Ketua Banggar DPR RI, Said Abdullah, menilai berbagai isu yang menyebut kondisi fiskal nasional terancam jebol perlu disikapi secara proporsional dan berbasis data.
Menurutnya, pemerintah hingga saat ini masih memiliki ruang fiskal yang cukup untuk menjaga stabilitas ekonomi nasional sekaligus menopang pertumbuhan di tengah ketidakpastian global.
“Kondisi APBN masih terkendali. Pemerintah tetap memiliki kapasitas fiskal untuk menjaga stabilitas ekonomi dan memastikan program prioritas berjalan,” ujar Said dalam keterangannya, Senin (11/5/2026).
Ia menjelaskan, pertumbuhan ekonomi Indonesia pada kuartal I 2026 menunjukkan capaian positif. Berdasarkan data yang dipaparkan Banggar DPR, ekonomi nasional tumbuh 5,6 persen dibanding periode yang sama tahun sebelumnya.
Pertumbuhan tersebut ditopang meningkatnya konsumsi masyarakat selama Ramadan dan Idulfitri, serta aktivitas sejumlah sektor usaha seperti perdagangan, transportasi, industri pengolahan, perhotelan, dan restoran.
Selain faktor konsumsi, percepatan realisasi belanja pemerintah juga disebut berperan dalam menjaga momentum pertumbuhan ekonomi nasional.
Banggar DPR mencatat belanja pemerintah hingga kuartal I 2026 mencapai Rp815 triliun atau meningkat 31,4 persen dibanding tahun sebelumnya. Kontribusinya terhadap pertumbuhan ekonomi diperkirakan mencapai 1,26 persen.

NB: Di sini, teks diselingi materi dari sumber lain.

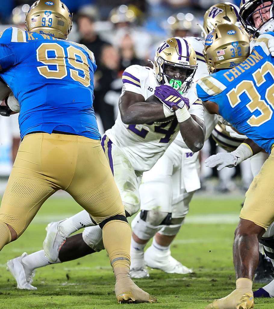 Washington Huskies running back Adam Mohammed (24) runs for yardage during a Division 1 college football game between the UCLA Bruins and the visiting Washington Huskies on November 22, 2025 at the Rose Bowl in Pasadena, CA (Photo by David Thomas)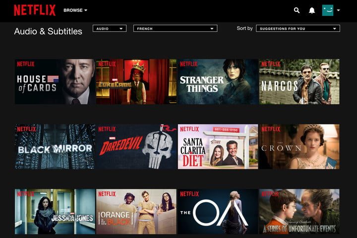 Si vas a la sección Detalles de cualquier serie, puedes ver una selección de idiomas diferentes para los subtítulos. Haz clic en un enlace para un idioma determinado, y llegarás a una página con todas las series y películas disponibles en ese idioma. A continuación, puede ordenar esas listas por sugerencias, calificación y de muchas otras formas interesantes.

Di sisi penerimaan negara, pemerintah juga mencatat tren yang dinilai cukup positif. Pendapatan negara hingga akhir kuartal I 2026 tercatat sebesar Rp574,9 triliun atau tumbuh 10,5 persen secara tahunan.
Sementara penerimaan pajak mencapai Rp394,8 triliun dengan pertumbuhan sebesar 20,7 persen dibanding periode yang sama tahun lalu.
“Penerimaan negara menunjukkan perbaikan yang cukup baik. Ini menjadi modal penting untuk menjaga kesehatan fiskal nasional,” kata Said.
Banggar DPR juga memastikan posisi defisit APBN masih berada jauh di bawah ambang batas yang ditetapkan pemerintah. Hingga kuartal I 2026, defisit tercatat sebesar Rp240,1 triliun atau sekitar 0,93 persen terhadap produk domestik bruto (PDB).
Angka tersebut dinilai masih aman dibanding target defisit APBN 2026 yang dipatok sebesar 2,68 persen terhadap PDB.
Said menambahkan, pemerintah saat ini menjalankan sejumlah langkah pengamanan fiskal melalui kebijakan refocusing anggaran dan strategi safe mode guna mengantisipasi tekanan ekonomi global.
Selain itu, isu yang menyebut saldo anggaran negara tersisa Rp120 triliun juga dibantah Banggar DPR. Menurutnya, saldo anggaran lebih (SAL) pemerintah masih berada di kisaran Rp420 triliun.
Ia menjelaskan, sebagian dana tersebut ditempatkan di bank-bank anggota Himpunan Bank Milik Negara (Himbara) agar tetap memberikan keuntungan bagi negara.
“Dana SAL tetap tersedia dan penggunaannya harus melalui mekanisme serta persetujuan sesuai ketentuan perundang-undangan,” tegasnya.
Meski demikian, Banggar DPR mengingatkan pemerintah agar tetap waspada menghadapi tantangan ekonomi pada kuartal II 2026, terutama akibat gejolak harga komoditas global dan melambatnya konsumsi pasca-Lebaran.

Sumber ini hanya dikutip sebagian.